The grass is always greener..........I guess the one thing you can say about the area I live in [Missouri], it's perfect for goats. Rocks, rocks, and more rocks. There is no end to the rocks. No problems with mud, just rocks!

If baserock is an option it might work pretty well. It compacts over time almost like concrete. I'm not sure how hard it would be as far as clean up goes?

...fd123: How funny, have you ever tried to build a brush pile in your goats pen??


----------



## happyhogs (Oct 12, 2009)

I live in the UK where we are well known for our rain and just recently we have had half the country under water in some of the worst floods of recent years. I had an awful problem with the goats not being able to keep their feet dry and the pen being churned to a quagmire. I have now installed wooden pallets (the type used for delivery of large items from garden centres, DIY stores etc) and it has helped enormously. There is still a quagmire but the pallets sit on top of it and raise the goats' feet out of the mess.....preventing foot rot and leading to much happier goats!

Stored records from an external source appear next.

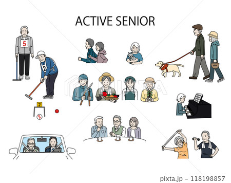 アクティブシニア、老後や趣味を楽しむ高齢者のイラスト
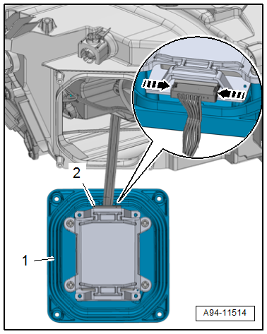 - Disconnect the connector -2- on the power output stage by pressing the release buttons in direction of -arrows- using the Spark Plug Pliers -VAG1922-.
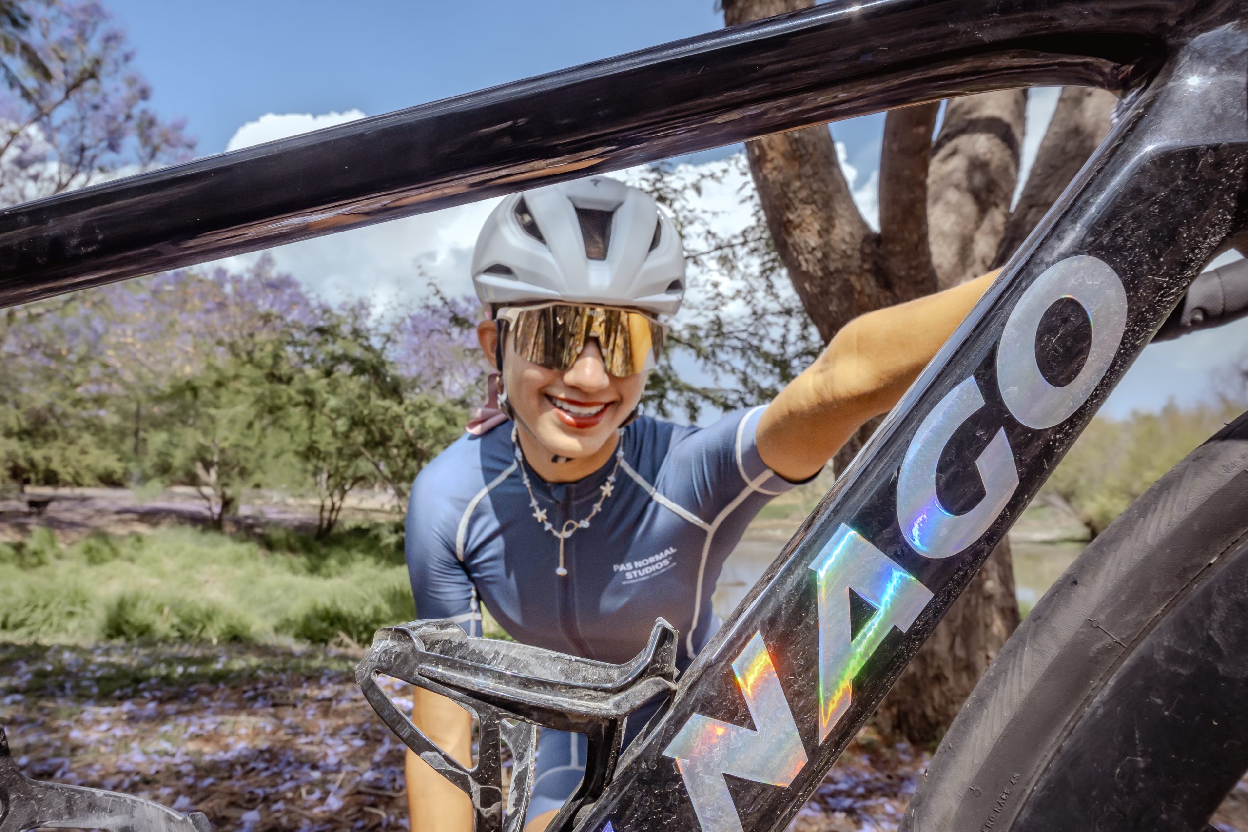 En las tomas podemos ver desde los momentos de preparación —el ajuste preciso del casco y la revisión mecánica— hasta el despliegue de potencia en el asfalto. Las jacarandas, con sus flores violetas en el suelo, sirvieron de marco perfecto para contrastar con el azul profundo y el verde del kit de competencia.
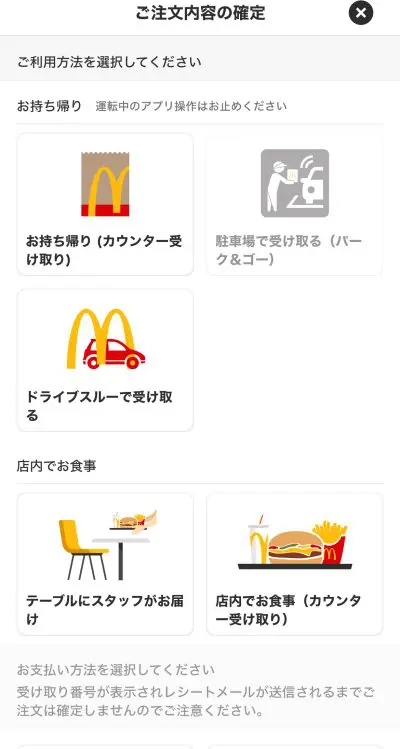 以前は店内のカウンターしか選択できませんでしたが、ドライブスルーでの受け取りも可能になっていました。
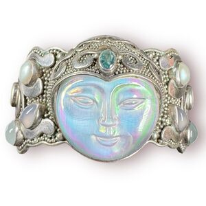 Sajen Carved Welo Opal Moon Cuff Bracelet "Keeper of the Moon" Vintage RARE
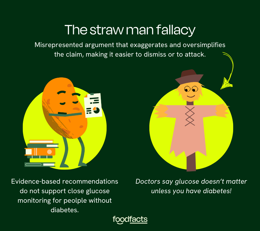 This distinction matters, because the analogy sets up a straw man. The straw man fallacy works as a distraction: while listeners are drawn to what feels like a reasonable conclusion (glucose management matters to prevent diabetes), attention is pulled away from the real premise. By subtly rephrasing doctors’ position, the analogy makes it easier to refute, presenting an appealing but misleading critique of medical advice.
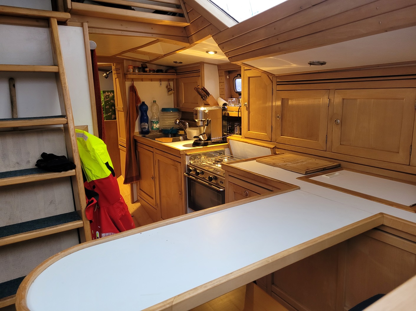 Der Vorbesitzer war ein Tischler und hat die Aaris innen komplett selbst geschreinert, mit hellem Holz in Ahorn sieht sie innen eher aus wie eine gemütliche Almhütte, das hat mir schon gleich sehr gefallen.
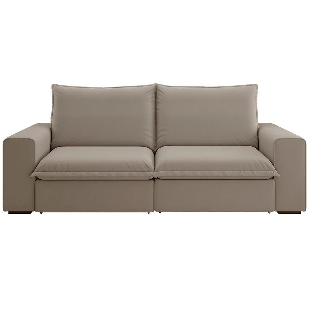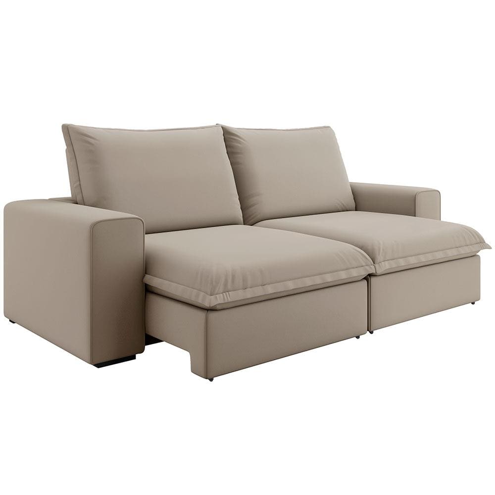 Características Gerais: - Estrutura em madeira eucalipto - Percinta elástica - Braços - Divisão entre lugares - Assento retrátil - Encosto reclinável - Densidade da espuma do assento: D28 - Almofadas do assento e encosto: fixas - Revestimento em tecido Veludo Slim - Pés resistentes - Suporta até 110kg, por assento - Sofá entregue em 2 volumes (Bipartidos)
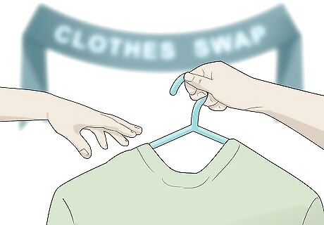 Host a clothing swap to exchange clothes. Invite friends who wear close to the same size (and maybe style) of clothing as you to bring their surplus clothing items and you can compare and exchange items. Clothing swaps are a great way to recycle clothes by giving them to people who like them and will use them. Make a Facebook event to invite people to a clothing swap. They can also post pictures of items they plan to bring to event.
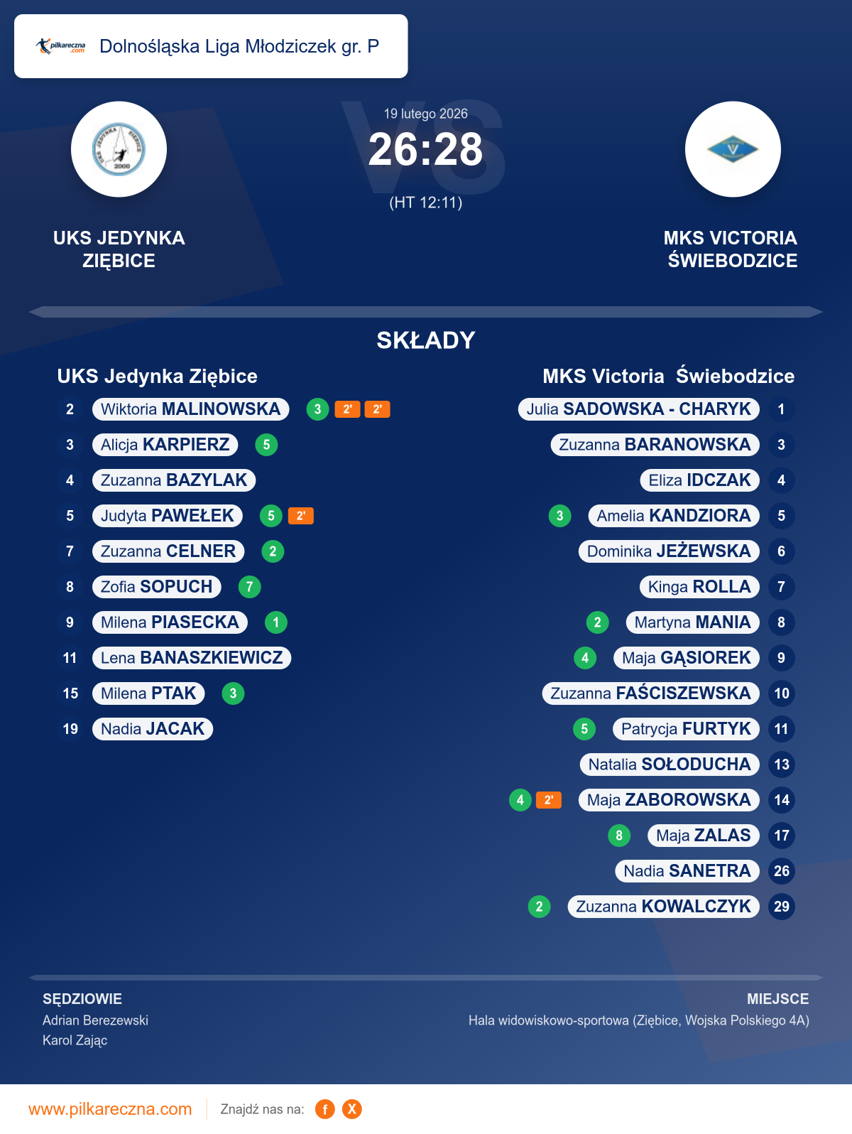 UKS Jedynka Ziębice 26–28 MKS Victoria Świebodzice
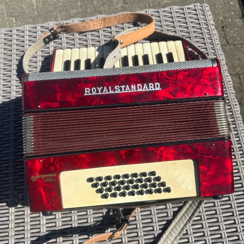 Piermaria harmonika i rød perlemor med klaviatur og mange bas-knapper. Har skulderremme og bærehåndtag samt hård kasse til opbevaring og transport.
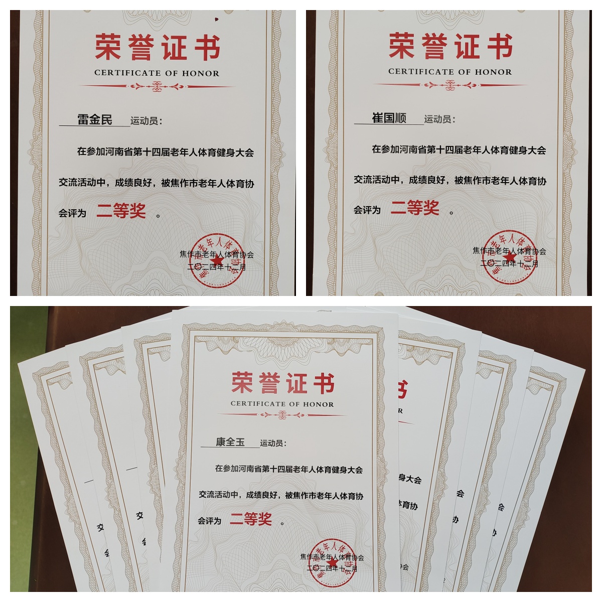 近日,我校参加河南省第十四届老年人体育健身大会取得佳绩,参赛选手分别获得地掷球项目二等奖、门球二等奖、气排球二等奖、网球男双优秀奖。

I have placed a tarpauline under the pallets and once a week I lift the pallet, drag the tarp out, covered in soggy, wet berries and empty it off onto the compost heap. I only have two pygmy goats so this works for me, it might be different for a larger herd but the principal of wooden pallets might be worth looking into still.....maybe they could be moved from one area of a larger pen to another and cleaned out underneath???


----------



## nancy d (Oct 5, 2007)

erisfae said:


> We had a real problem with mud in our pastures so, we found a local landscaping/tree-cutting company. They used to have to pay a landfill to be able to dump their truck loads of fresh, fine cut woodchips. Such a waste! Now, they drop them off at our ranch (free for both parties) and we use them build up the muddy areas. They're great! Sometimes, we have entire wheelbarrows full of little more than sawdust, which is amazing for absorption. We also haven't had to pay for Pine and Cedar shavings, for bedding, in more than a year, which is an amazing savings. It's one of the best arrangements we've ever made.


^ This


----------